But I think before you begin to ask how you correct it you must identify, if you can, what are the causes of anti-Semitism since obviously if you know the causes you might know how to attack it much as do physicians.

MR. HEFFNER: I’m being overruled. Go ahead.

MR. FORSTER: Well, I don’t intend to overrule you, but I think when you ask what should be done about anti-Semitism I think you are like the doctor. The patient wants to know what is to be done about my disease, and the doctor must necessarily say first, “I want to know what your disease is”; and so when you ask what ought to be done about religious or racial prejudice I want to know what causes it. And obviously there are many reasons for racial and religious prejudice. There are sick reasons; the crackpots to whom Ed Lukas refers are the sick people. And parenthetically I might say that we would not guide our actions on the basis of the reactions of the sick people. We can’t be concerned with them. But obviously there are people who are prejudiced who are not sick. There are people who are prejudiced because they’re frustrated, for example, because they feel deprived, because they have been failures economically and need a scapegoat, because they’re afraid of the different people, the strange people. Your three non-existent groups – this is perfectly understandable and not frightening or startling that person’s answers would say that they would not want to work with them. They don’t know who they are. This is the mystery of it and they are afraid of that of which they are ignorant.

If you understand that number one is fear, for example, of the unknown, it seems to me a primary responsibility is to explain the Jew to the American community so that the average American knows precisely what a Jew is, what makes him tick, what his contribution is, how he thinks. I think the average American will learn that a Jew is no different from himself. But I think this points in the direction of what has to be done.

Go ahead, Ed, I don’t want to occupy all the time. I’m deliberately finished.

MR. LUKAS: Actually we subscribe to both of these. I think there is virtue in both of these approaches, the so-called legal or legalistic approach that Will spoke of, striking at the acts of discrimination. This is a very potent, a very basic approach to the problem of discrimination, although I think, Will, you will agree that it deals largely with, strikes largely at the symptoms of –

MR. MASLOW: No, I would never agree to that.

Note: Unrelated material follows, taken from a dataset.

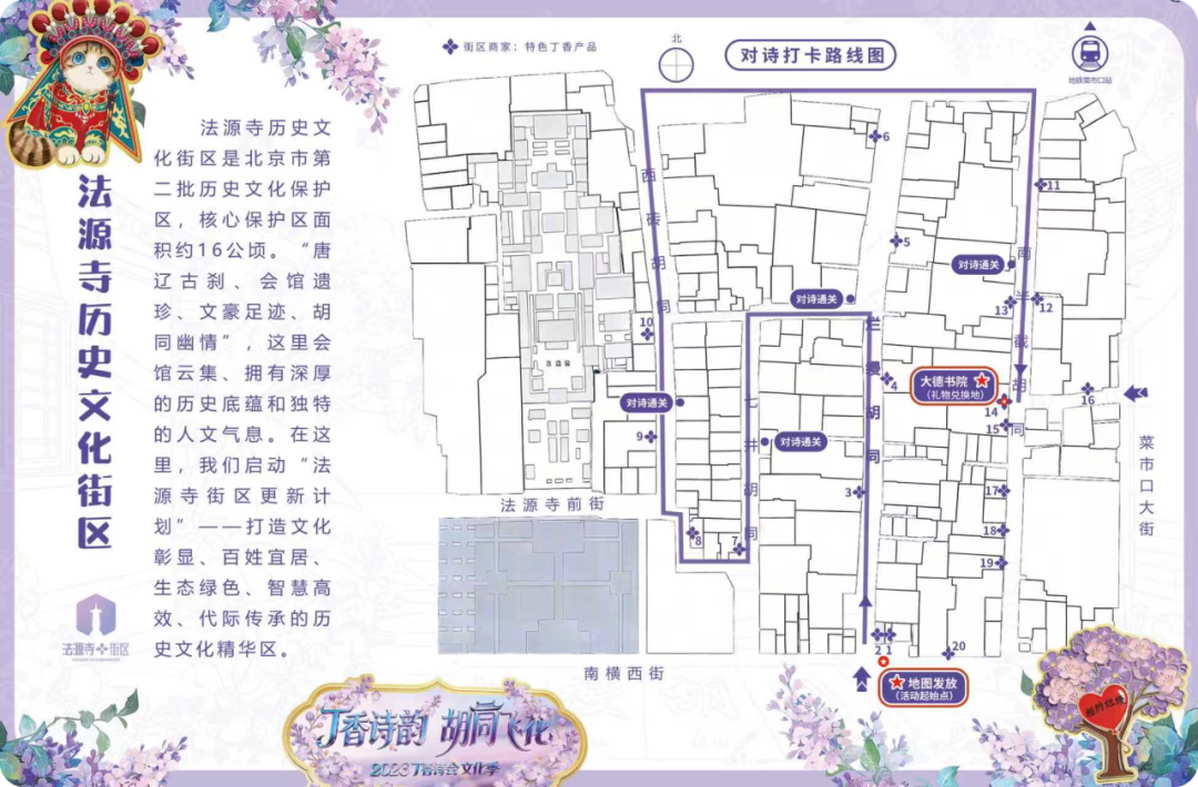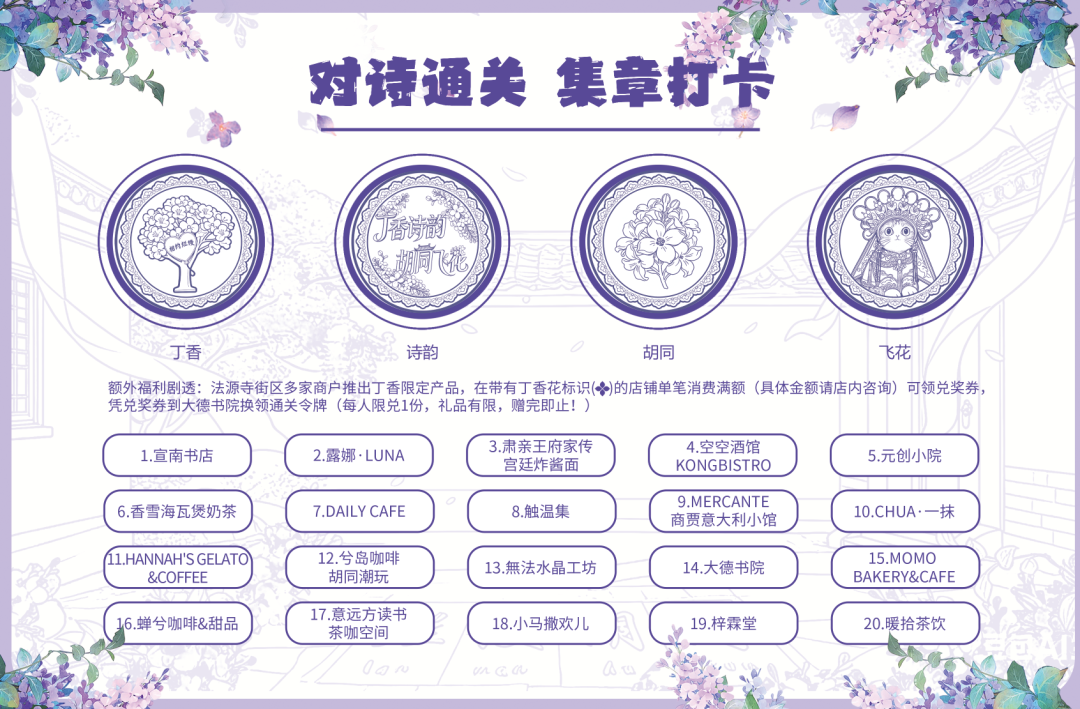 通关大奖:集齐全部4枚印章,可前往位于南半截胡同21号院的大德书院兑换丁香诗会精美纪念品。

MR. LUKAS: Well, in any event I think that by enacting new laws or by bringing about interpretations of existing statutes what we do is to create new living situations which themselves have tremendous educational value.

However, I think also my friends here would agree that success in bringing about these new living and working situations in large part depends upon the preparation of the community for these situations. I think that fair employment practices and even fair educational practices succeeded largely in direct ratio to the preparation of the community for these practices.

I think one of the tragedies of the South at the moment is that the South wasn’t prepared for the May 1954 decision.

We take the position, too, that education, education in its purest sense, is an extremely valuable tool in this context, education of the school-age child, even the pre-school-age child, and particularly the parent of the school-age child.

Justice Holmes was having a correspondence so many years ago with Harold Lasky, and he commented on the fact that law and the decisions of the courts…both of these are extremely valuable. Unhappily, the laws are enacted and the decisions are made in communities in which the people are less prepared for it. But, said Justice Holmes, these are the very people we intend to affect by our decisions.

MR. HEFFNER: Mr. Maslow.

MR. MASLOW: I wanted to comment further on the so-called educational approach. We have a somewhat different view. We think, for example, that it’s a waste of time to attempt to develop the so-called positive image of the Jew. We would rather see education proceed along different lines. We think that the chief security of the Jew in the United States, and indeed of any group, of all Americans, depends upon the guarantees in the Bill of Rights, and those guarantees can be condensed into three words: liberty – that is, the rights of free expression –, equality, and justice.

Now here the Jew begins with a tremendous advantage in his favor. This is a country with a positive tradition of liberty and equality and fair play, and we think, therefore, encouraging that tradition to develop in every way does more to reduce prejudice than any direct assault upon anti-Semitism actions.

MR. HEFFNER: But if our tradition is such a positive one of liberty, equality, and freedom then I wonder whether we don’t get back to this matter of making well known the acts of discrimination and the acts of violence and the acts of vandalism, and then counting on this tradition, this thing that we hope is inherent within the American people to act up, to rise up.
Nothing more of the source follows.